Tube Chamber System. To overcome the limitations of 2D cell culture models vessel-simulating bioreactors have been developed. Typically, a 3D bioreactor consists of a graft with an individual culture media reservoir to allow a transversal gas and media exchange between the perfused graft lumen and the outer chamber volume which simulates the interstitial tissue liquid. The porous graft (e.g. silicone, PTFE) is seeded with cells and the culture media is perfused through the construct. This procedure allows the in vitro cultivation of endothelial cells under fluid flow and results in a synthetic vessel [210, 211]. A special modification of a vessel-simulating flow-through cell has been developed by Neubert et al. and is particularly suitable for the evaluation of drug release and distribution from drug-eluting stents [212–214].
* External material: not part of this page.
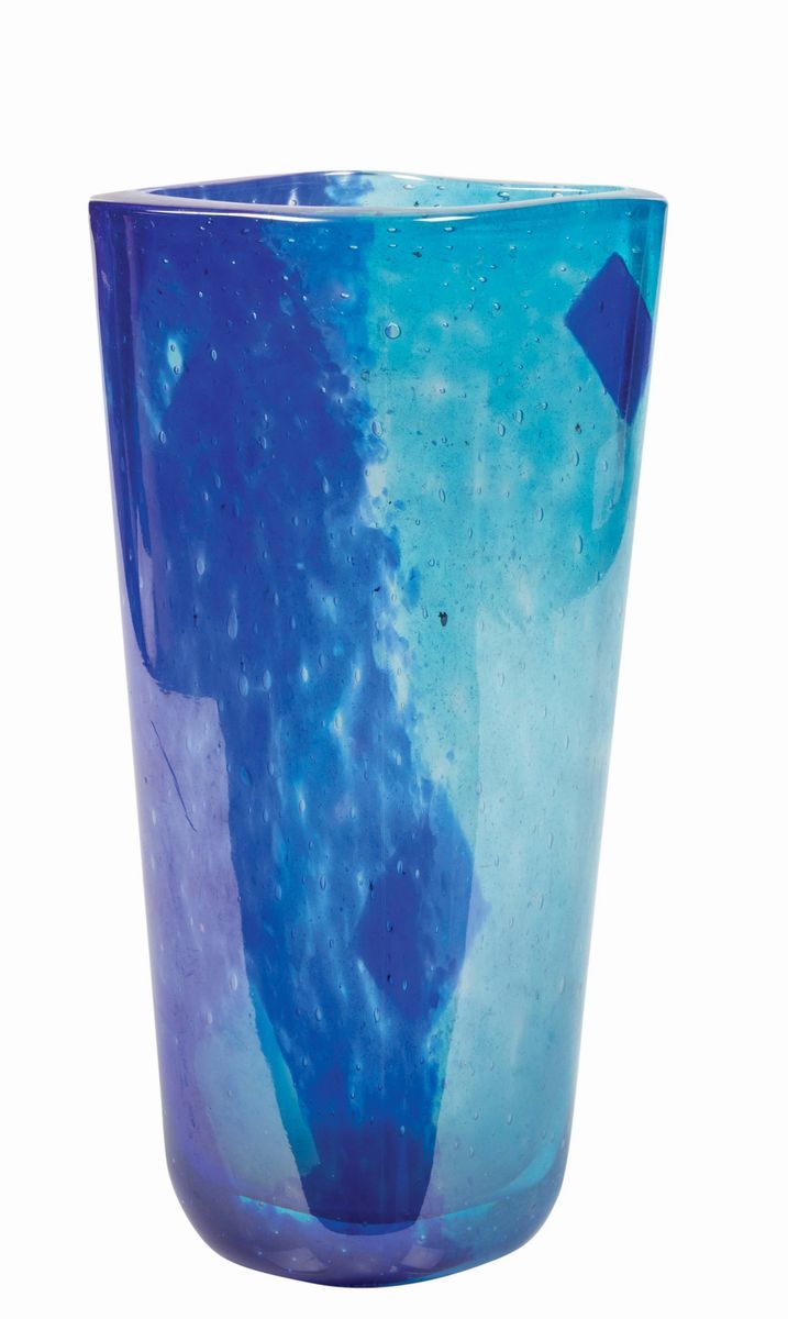Vaso tronco piramidale in vetro pesante con decoro a macchie e canne multicolori. Altezza cm 28,5

Cell Adhesion, Proliferation, and Cytotoxicity
To investigate cell material interactions, cultured cells are seeded on the polymer surfaces of interest and the extent of cell adhesion, proliferation, and viability is measured by standardized assays. Although in vitro experiments do not entirely reproduce the whole range of cellular responses to the implanted material, these methods provide a level of quantification which cannot be easily obtained in vivo.
Cell adhesion. For most applications the adhesion of cells is of fundamental interest being the initial event of cell attachment. A simple method to quantify adherent cells is to incubate cells over a surface for a period of time subsequently followed by the detachment of loosely adherent cells by gently washing the surface. Remaining cells can be labeled by fluorescent dyes and quantified using fluorescent measurements. Cell adhesion assays are also frequently used to assess monocyte or platelet adhesion on polymeric surfaces [215, 216]. In this context Hezi-Yamit et al. [217] did show that polymer hydrophilicity should be considered as a parameter to assess the biocompatibility of polymer surfaces. They showed that hydrophobic polymers such as PBMA or SIBS promote the adhesion of inflammatory activated monocytes while more hydrophilic polymers (e.g. PC (Phosphorylcholine) polymer) lead to less pro-inflammatory responses.
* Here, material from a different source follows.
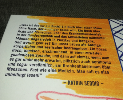 Ein Krankenhausroman … liest man auf dem wunderschön illustriertem Hard-Cover (Buntstift, viel Orange, viele Striche, ein Arzt mit Kittel, hübsch hübsch). Doch worum geht es in der Geschichte? Um Professor Dr. Brinkmann auf jeden Fall schon mal nicht. Auch nicht um den Schwarzwald. Dafür um den Geschäftsführer der Dubio-Klinik Hans-Jürgen Doberer und den Assistenzarzt Hagen Burbeis (der schöne Hagen), der in Punzlau seine neue Stelle antritt. Ja, und um zentrale Fragen wie Krankheit, Macht, Betrug und Sexualität.

Cell proliferation. Endothelial growth is an essential factor after implantation. A continuous and healthy endothelial layer only prevents inflammatory and thrombotic events on the vessel wall. Besides, a healthy endothelium is crucial for regulating smooth muscle cell growth [218, 219]. Cell proliferation can be assessed by commercially available BrdU ELISA assay kits. On the basis of the study by Busch et al. [193] proliferation of ECs on hydrophobic permanent polymers (PEVA, PBMA) as well as biodegradable polymers [PLLA, P(4HB)] is reduced, whereas the polymeric blend PLLA/P(4HB) promotes EC growth. Data from this study do also show that SMC proliferation is influenced in the same way as EC growth and none of the polymers tested is able to enhance endothelial proliferation by simultaneously reducing smooth muscle cell growth.